You've been involved in charity work since the beginning of your career with DoSomething and Pencils of Promise. Do you think it's crucial to use your platform to do good?

I think that is, singlehandedly, the most important thing you can do, especially given our current state. I won't get into politics, but I think it's so important to listen more than you talk, especially if you don't know what you're talking about. I think the biggest thing people do wrong is talk and post on social media about things they don't know. It creates more misinformation. As an actor or singer or influencer or YouTuber, if people follow you, you should be talking more about the things that are important to you than photos of your lunch. It's so important to discuss the injustices and the hurt that so many people are feeling globally right now.

If you're in middle school or high school and don't have money to donate to the ACLU, if you don't have the means to help in those ways, sometimes the most important thing you can do is try to create conversation and educate as many people as possible.

You just put up your first cover on YouTube of Miley Cyrus' "Twinkle Song." Are you looking to pursue music?

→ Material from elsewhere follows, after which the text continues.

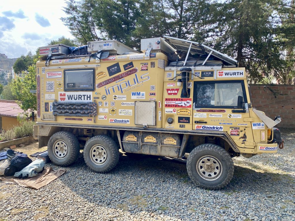 Am folgenden Montag fuhren wir dann die steilen und engen Gassen der Doppelmetropole El Alto / La Paz hinunter nach La Paz zu unserem Campingplatz Las Lomas, wo wir bei Marcos und seiner Familie 6 ruhige und ereignisreiche Tage verbrachten. Da Marcos seinen Campingplatz mit einer KFZ-Werkstatt kombiniert hat, bot sich hier für uns auch die einmalige Gelegenheit, das eine oder andere Wehwehchen an Chop-Chop zu beseitigen – Marcos legte hier tatkräftig seine erfahrene Hand an.

I've always loved singing. I was either too busy or too scared to do anything about it. It's a beautiful song and I love how simply she conveys a complex emotion which is just, like, missing someone. I'm actively music-ing now. I've recorded a lot of covers. I love so many bands and artists. When a new song comes out I'm like, "I want to sing this!"

Really! What have you been listening to?

I love "Sweet Creature" by Harry Styles. I was listening to that before you called. I love "Nights With You" by . in general is just killing it right now. I love Robyn. I love Frank Sinatra; I listen to so much Frank Sinatra. "Don't Leave" by Snakehips ft. MØ is my favorite song right now. Of course DAMN by Kendrick Lamar. Cupcakke's new album, too! She rocks.

What can we expect from you in the future?

I'm working on a film right now. I'm working on music and trying to post a few covers. As I've been doing since I was little I've been writing so much: screenplays, songs, poetry, anything really. I'm doing a lot and I'm still finishing school. Hopefully, you can see my graduation in my future. That's what you can expect: I graduate high school first.